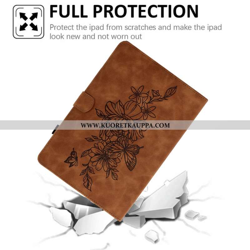 Kotelot Samsung Galaxy Tab S11 Mokkanahkainen Kukka- Ja Perhoskuvio
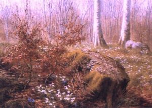 Hvide, Bla Og Gule Anemoner I Skovbunden
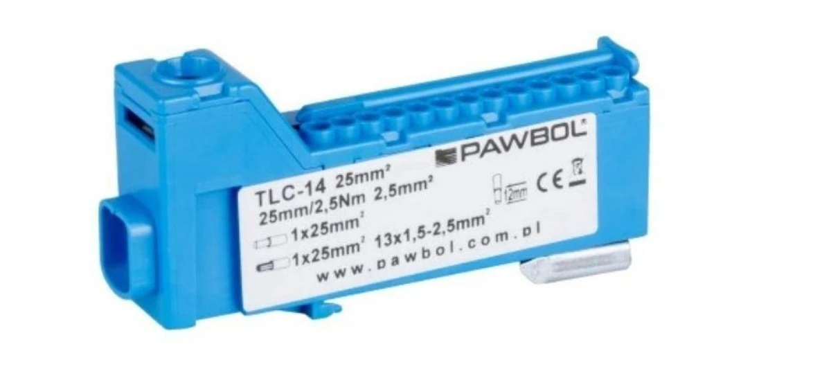 5. Listwa zaciskowa bezgwintowa LZB niebieska 14-torowa 63A na szynę DIN TH35 (1x 25mm2 + 13x 2,5mm2) PAWBOL 35.31
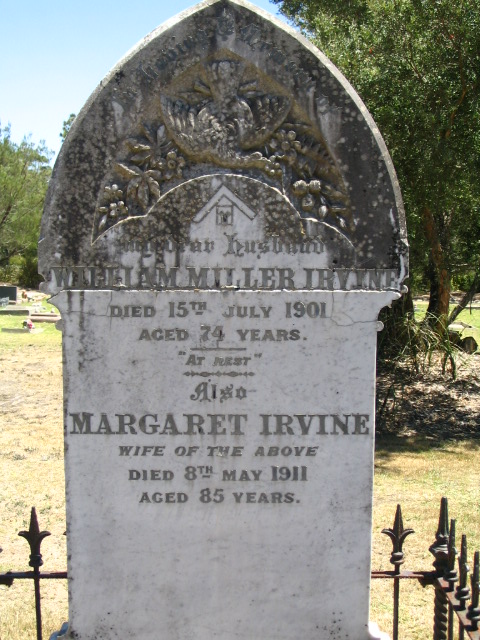 | IRVINE | Maragret | photo | 8/05/1911 | 85 | William M. | nee Fairbairn | ||
__________
YOUR GOAL
Since the pictures are not wanted, write out the rest of the data exactly as it reads.

WORKED SOLUTION
 Kotelot Samsung Galaxy Tab S11 Mokkanahkainen Kukka- Ja Perhoskuvio
 Hvide, Bla Og Gule Anemoner I Skovbunden
 5. Listwa zaciskowa bezgwintowa LZB niebieska 14-torowa 63A na szynę DIN TH35 (1x 25mm2 + 13x 2,5mm2) PAWBOL 35.31
 | IRVINE | Maragret | photo | 8/05/1911 | 85 | William M. | nee Fairbairn | ||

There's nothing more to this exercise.